«La nostra rabbia, il nostro dolore, adesso più che mai chiedono giustizia. Soprattutto perché siamo di nuovo di fronte, in uno dei due casi; ad un terribile suicidio legato alla paura, allo stress, al terrore, ai turni massacranti»
ROMA 14 NOV 2020 – «La Campania, straordinaria terra di infermieri valenti e coraggiosi; nel pieno di un dramma-contagi condito da una disorganizzazione sanitaria agghiacciante, piange nelle ultime ore il decesso di ben due colleghi.
E noi, come sindacato, come soggetto da sempre vicino alle esigenze prima di tutto umane e poi professionali dei “soldati delle corsie”, non possiamo non vivere il dolore, la tragedia, di perdite che di questo passo; se non ci saranno interventi radicali per arginare l’emergenza, saremo costretti, nostro malgrado, a dover continuare a raccontare».
Così Antonio De Palma, Presidente Nazionale del Sindacato Nursing Up, porta a conoscenza degli organi di informazione della morte di un uomo e una donna; entrambi infermieri, entrambi campani, una avvenuta in provincia di Salerno, l’altra nel casertano, a distanza di poche ore l’una dall’altra.
«Se da un lato ci turba, ci sconvolge profondamente, dover prendere atto del decesso di una nostra valente collega; una coraggiosa donna di 57 anni dell’Asl di Caserta che ha sempre dedicato il suo lavoro ai pazienti e alla famiglia, dall’altro rimaniamo sgomenti rispetto a quanto è accaduto in provincia di Salerno.

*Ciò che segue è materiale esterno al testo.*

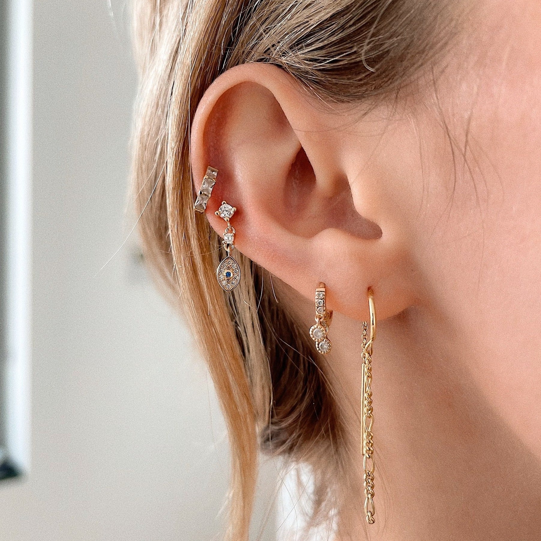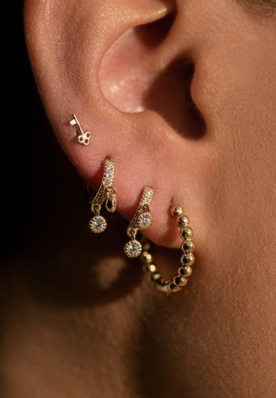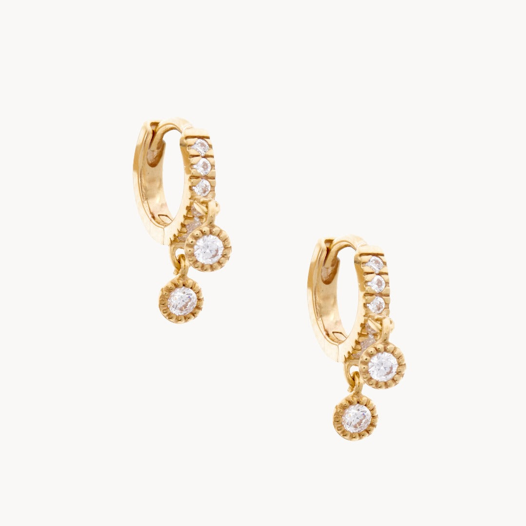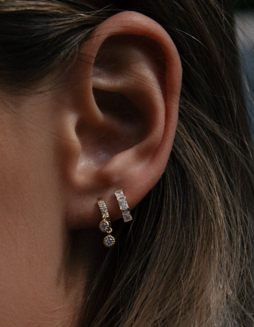 The Maya cubic zirconia huggie hoops. Created to hug the ear with two dainty hanging cubic zirconias.

Qui un uomo, un infermiere come noi, di soli 48 anni, non ce l’ha fatta; non ha retto, e si è tolto la vita con il peggiore dei gesti estremi, lanciandosi dal balcone della sua abitazione.
Ci dicono che lavorava al San Giovanni di Dio e Ruggi d’Aragona: da qualche giorno non riusciva a rassegnarsi al riacutizzarsi del covid. La depressione per l’isolamento domiciliare, la paura, il terrore di continuare a soffrire, di non uscire dal tunnel, lo hanno messo in ginocchio.
Siamo di fronte all’ennesimo caso in cui ad uccidere non è il contagio ma le conseguenze psicologiche di turni massacranti; di stress e traumi sino al burn out, difficili da superare quando ogni giorno si guarda in faccia un nemico agguerrito e subdolo, che nei suo occhi porta il peggiore dei riflessi : “la morte”.
E’ questo il momento in cui i politici do turno, i datori di lavoro, amaramente silenziosi e indifferenti di fronte alle nostre sofferenze; si interroghino una volta per tutte sulle proprie pesanti responsabilità.
Perché quando il cervello non ce la fa più, quando la mente arriva a concepire certi gesti insani; ci si trova di fronte a malattie mentali come la sindrome di burnout, che nasce come conseguenza di un profondo e lacerante esaurimento emotivo.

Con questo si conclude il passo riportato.